Впервые про идею устроиться барменом я услышал от товарища из института. Его отчислили, поэтому он стоял за стойкой вечерами до глубокой ночи. Мне это не подходило, ведь при ночной работе можно сразу забыть про посещение занятий. Я дал себе слово искать работу только на выходные. При отсутствии опыта решил, что самым лучшим способом будет действовать напролом – открыл список ночных клубов и начал обзванивать. Где‑то отказывали сразу, где‑то приглашали на собеседование, но впоследствии все равно отказывали.
Десяток неоправданных попыток меня не огорчил, наоборот, я сильнее загорелся идеей устроиться барменом.
В процессе поиска работы я узнал, что некоторые из ребят на этой должности хорошо зарабатывают на чаевых. Спустя короткое время я наконец нашел заветное место работы, подходящее по графику. А главное – меня были готовы взять и обучить.
Клуб Ferum, куда я устроился, оказался крайне специфическим местом. Он работал каждую неделю с пятницы по субботу и привлекал любителей памп-музыки.
Pump, Pumping House или Stupid House – стиль электронной танцевальной музыки, который был популярен в конце 90‑х годов. Стиль придумала голландская группа Klubbheads – басовая линия в виде довольно унылого звука, иногда похожего на удары по бамбуковой палке. Удары идут на слабую долю, в большом количестве используются хлопки, свистки и сирены, часто трек сопровождается вокальным соло. На постсоветском пространстве именно Петербург являлся меккой памп-движения, и разные заведения специализировались на подобном творчестве.
Непосвященному человеку слушать эти треки невозможно. Вся идеология поглощения памп-музыки строится на том, что слушатели находятся в состоянии наркотического опьянения. Поэтому клиентов клуба – молодежь от 16 до 23 лет – совершенно не волновало обустройство помещения.

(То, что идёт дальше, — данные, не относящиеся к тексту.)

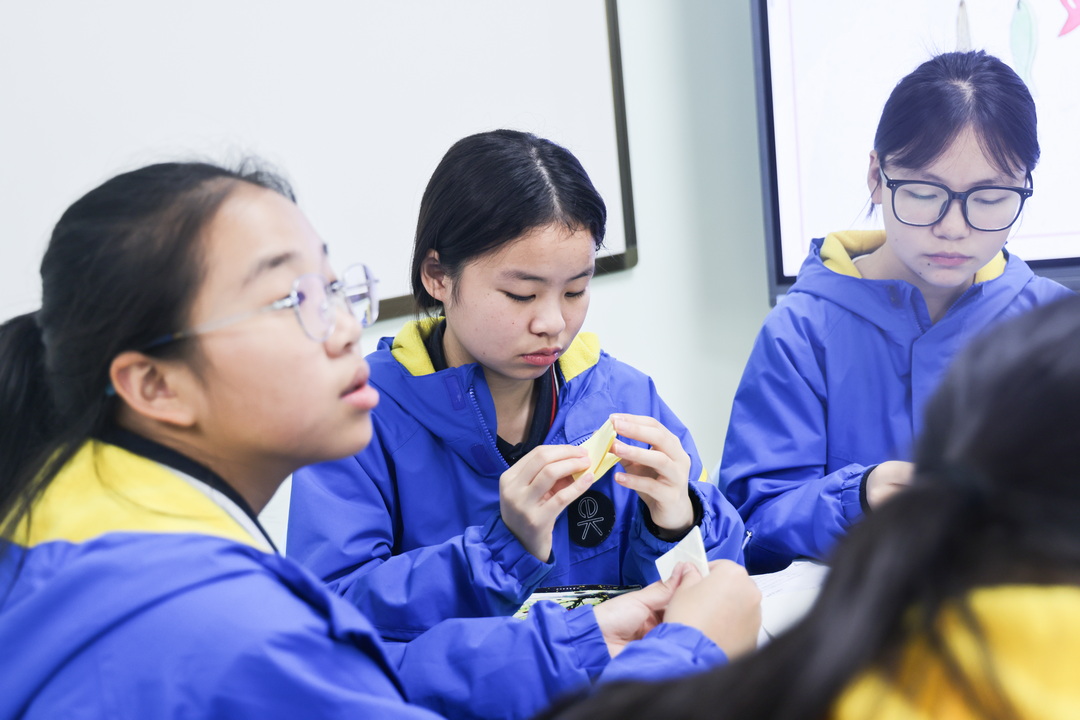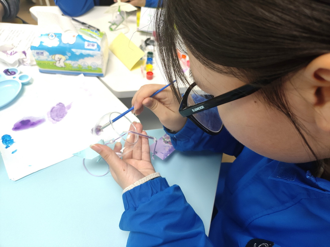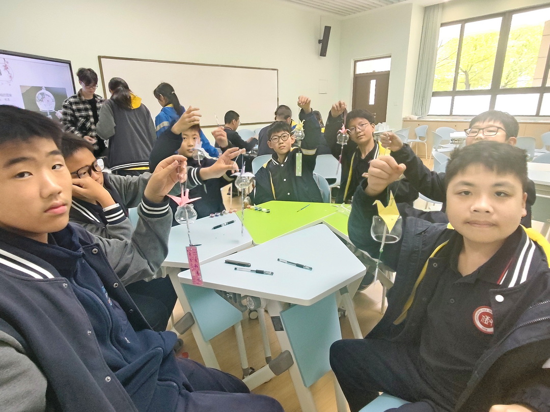 在核心创作环节,学生依次完成了“心情风铃”的各个部分。他们首先在长条形卡片上写下自己曾经历的积极情绪体验,将温暖的记忆转化为可视化的文字;随后,在谢老师的现场演示与同伴互助中,学生们折叠出一只只小巧的千纸鹤,承载着新学期的心愿与期许。最后,学生在透明的玻璃罩上自由绘制代表“开心与幸福”的图案——太阳、云朵、笑脸、问号……每一笔都是内心情绪的具身表达。所有的作品通过细绳串联成风铃,成为“独立个体,共同发声”的象征。
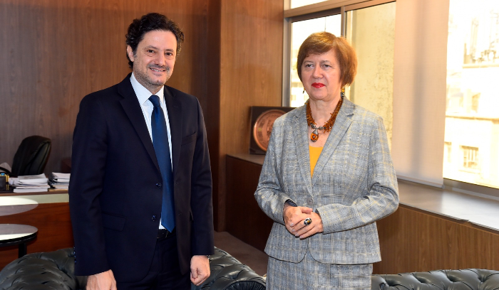 استقبل وزير الإعلام في حكومة تصريف الأعمال زياد المكاري في مكتبه بالوزارة، المنسقة الخاصة للأمم المتحدة يوانّا فرونتسكا ،وتم التطرق إلى الوضع العام و الدور المهم الذي يلعبه الإعلام في ظل الظروف الراهنة ، بالإضافة الى موضوع قانون الإعلام الجديد ، حيث ركزت فرونتسكا على أهميته و أكدت “ضرورة التنسيق بين الأمم المتحدة والوزارات في لبنان بما فيها وزارة الاعلام”.
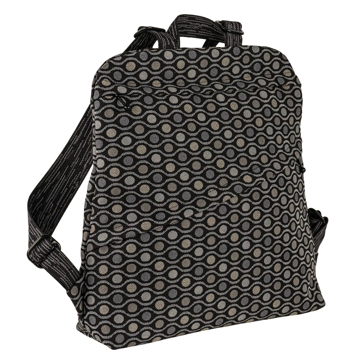 Finally! A backpack featuring an artsy appearance with urban function! Generous main compartment 11 inch deep with small interior pocket. Exterior zipped pocket 6 inch deep. Canvas lining interior.
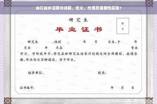 自行返乡证明书是一种用于证明个人行程的文件,主要用于证明个人在特定时期(如疫情期间)自行安排交通工具,安全返回居住地的事实,该文件通常由个人提出申请,经过相关部门或单位核实后出具。
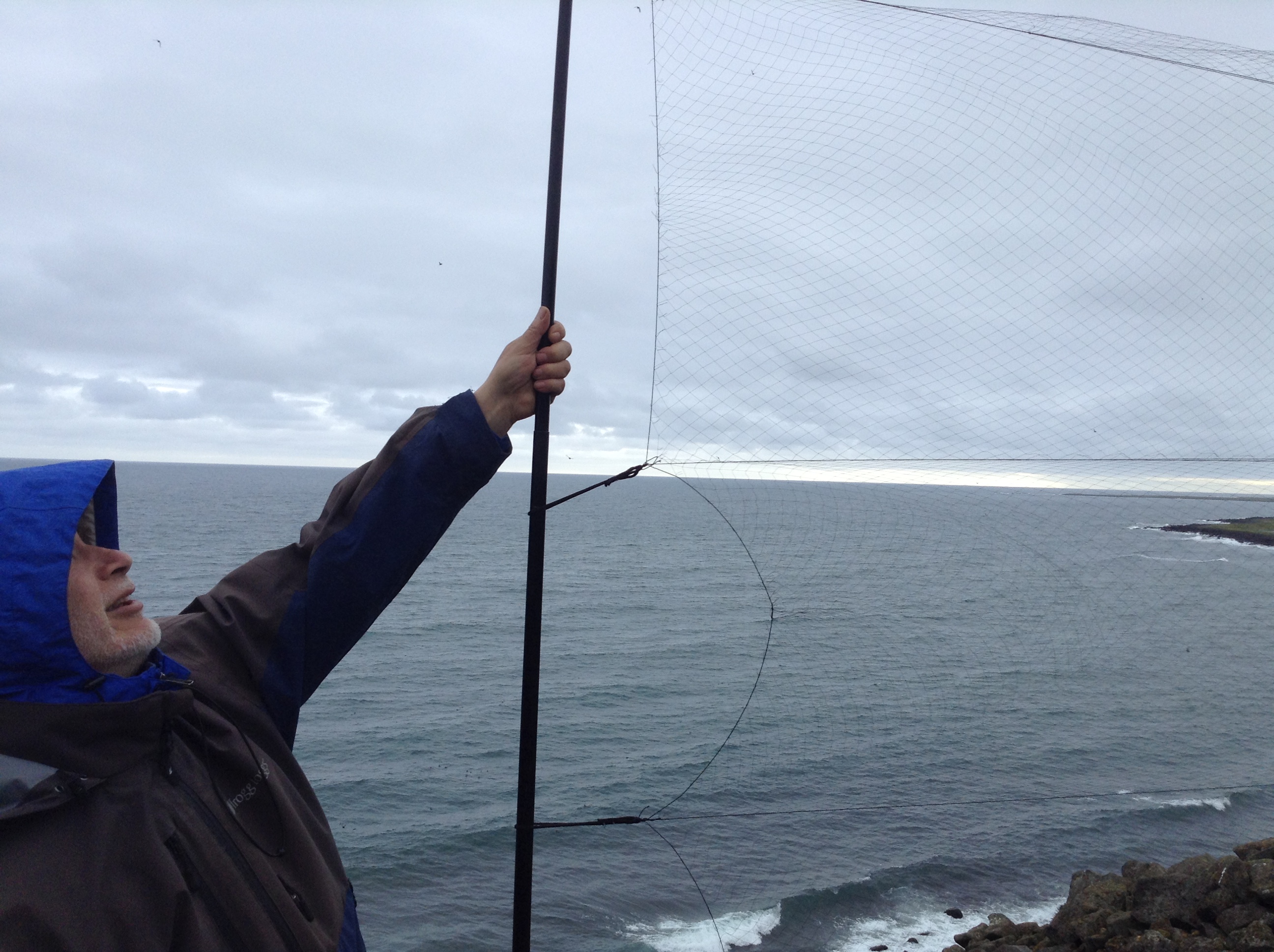 Sasha Kitaysky extends the net just high enough to be able to reach the auklets that might land in the upper area. Cape Myaughee, St. Lawrence Island, Alaska.

Внутри все «уставшее» и затертое, порванные сиденья барных стоек, сломанные и уничтоженные наркоманами туалетные кабинки. Беззубая уборщица, одетая в кружевное платье, готовая покуражиться с любым проходящим мимо.
Танцы, которые я лицезрел в клубе, выглядели дикими и инопланетными. Все малолетки города съезжались в Ferum по пятницам, чтобы подергаться в шортах под громкую электронную музыку, закинувшись таблетками. Оксибутират превращал их в животных с искривленными лицами и выпученными глазами. Наркоманов, которые превысили дозу и окончательно утрачивали человекоподобие, мы называли «обмороками». Считалось совершенно нормальным, если кто‑то из них валялся в судорогах на грязном полу или бился головой об стену. Работы охранникам было хоть отбавляй – каждый час кого‑то за руки и за ноги вышвыривали на улицу.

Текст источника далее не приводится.